# Wedding Day Photos...Professional Proofs!



## mom2bijou (Oct 19, 2006)

As promised, here are some of our professional pictures from our wedding in September. There are some great shots of Emma in her veil!! Hope you enjoy them! 

Little bride to be
















Helping Mommy get ready for the big day
















Ok and now for a human picture lol


----------



## angel's mom (Feb 14, 2007)

Awwww, you made such a beautiful bride! Thanks for sharing. Good shots of Emma too.


----------



## CrystalAndZoe (Jul 11, 2006)

I love your dress!! Just gorgeous!! And a veil for Emma!! Where on earth did you find that?? So did they walk down the aisle too? How wonderful that your hubby was ok with your babies being in the wedding. That is just so awesome.


----------



## mom2bijou (Oct 19, 2006)

> I love your dress!! Just gorgeous!! And a veil for Emma!! Where on earth did you find that?? So did they walk down the aisle too? How wonderful that your hubby was ok with your babies being in the wedding. That is just so awesome.[/B]
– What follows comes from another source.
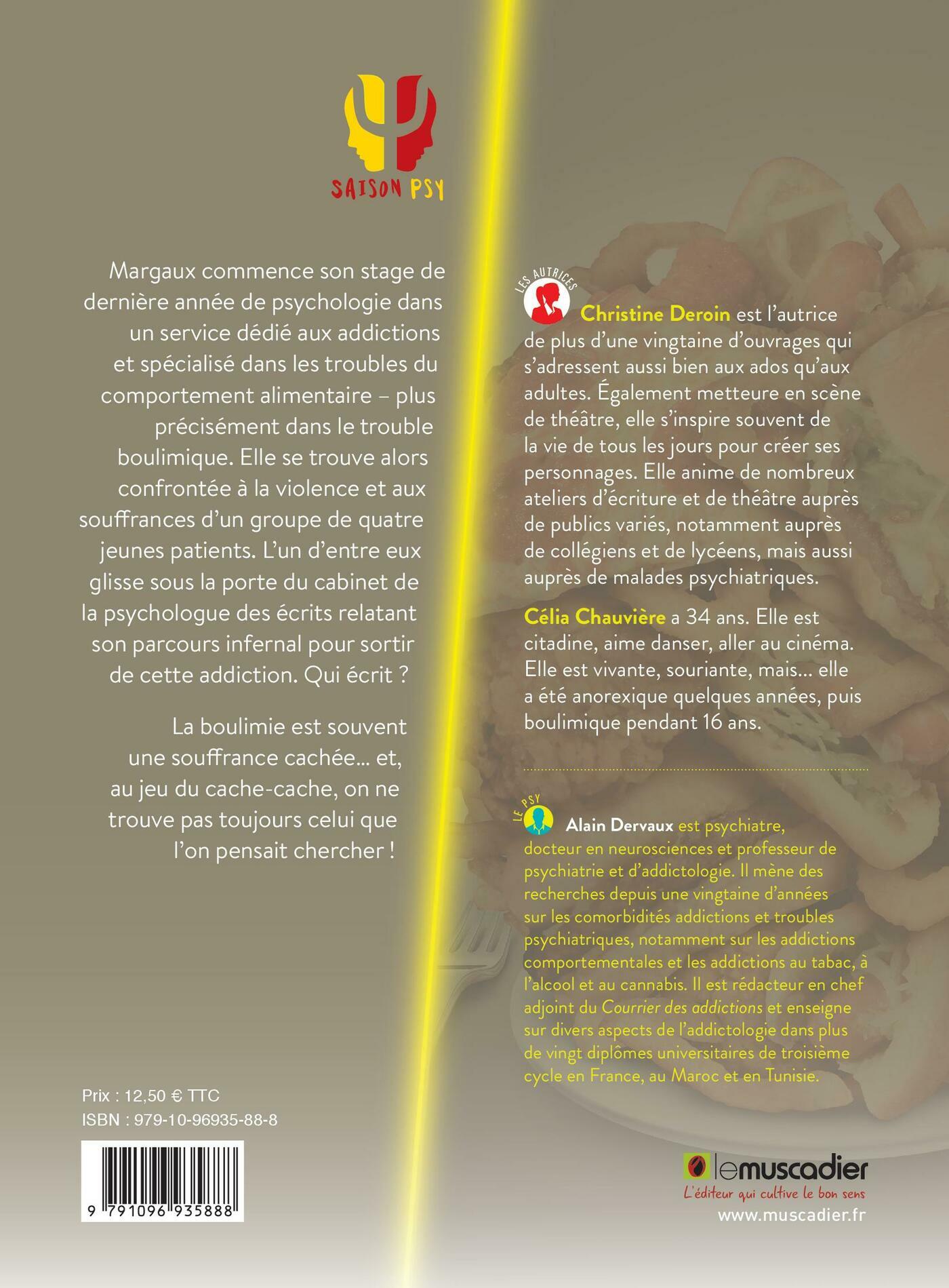 Margaux commence son stage de dernière année de psychologie dans un service dédié aux addictions et spécialisé dans les troubles du comportement alimentaire – plus précisément dans le trouble boulimique. Elle se trouve alors confrontée à la violence et aux souffrances d’un groupe de quatre jeunes patients. L’un d’entre eux glisse sous la porte du cabinet de la psychologue des écrits relatant son parcours infernal pour sortir de cette addiction. Qui écrit ? La boulimie est souvent une souffrance cachée… et, au jeu du cache-cache, on ne trouve pas toujours celui que l’on pensait chercher !
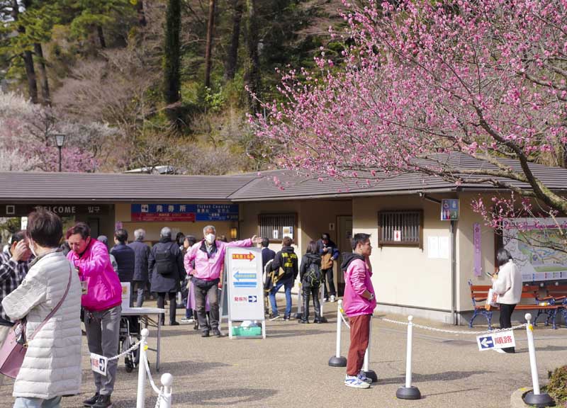熱海梅園全年開放,但只有在梅花祭期間 ( 大約每年 1 月中旬~3 月上旬 ) 才會收取門票費用,其他季節是免費入園參觀的。值得一提的是,熱海市內的部分飯店與梅園有合作,在梅花祭期間是可免費入園。我雖然沒住熱海的飯店,但對於再熱海住宿的人來說也是一項很實在的優惠旅客。印象深刻的是,當天在售票口迎接遊客的工作人員們,無論年齡或性別,全都穿著與入口處梅花色相互應的同色系外套,不禁感嘆這就是日本阿~

My mother actually made Emma's veil. We had a sash made for Benny from the bridesmaid dresses, but with all the commotion that day the sash never made it on Benny.  But I was happy with all the shots. The photographer said he never did a wedding where there was so much emphasis on a bride's dogs lol!!


----------



## Scoobydoo (May 26, 2005)

Oh my what beautiful wedding pictures, it's so cute that the furkids were included and the veil looks adorable on Emma :wub: 

I love your wedding dress, it's beautiful, you were a lovely bride on your special day


----------



## anouk (Nov 3, 2006)

Awww, beautiful pics!
I love the photo with the three of you on the couch :wub: :wub: :wub:


----------



## BrookeB676 (Oct 17, 2004)

I love that Ben and Emma were in the pictures, they are too cute! And you certainly looked beautiful. Congrats  Man, I am almost not a newlywed anymore, in March will be a year!!


----------



## The A Team (Dec 1, 2005)

What a wonderful happy family you guys make!!! You make a beautiful bride!


----------



## casa verde maltese (Apr 7, 2007)

Those are wonderful!!


----------



## KandiMaltese (Mar 27, 2007)

Beautiful pics. It looks like your wedding day was a very memorable one. You looked very beautiful in your photos.


----------



## garrettsmom (May 15, 2006)

Oh, those are such great shots. I espcially love the one where they're both looking up adoringly at their "mommy" on the beige sofa :wub: So sweet!


----------



## paris (Apr 8, 2005)

Beautiful! I love the picture on the couch.


----------



## Lennabella (Mar 29, 2007)

omg Emma is gorgeous - she looks adorable as a bride. Big eyed Benjamin is handsome too - how cute that they were part of your wedding.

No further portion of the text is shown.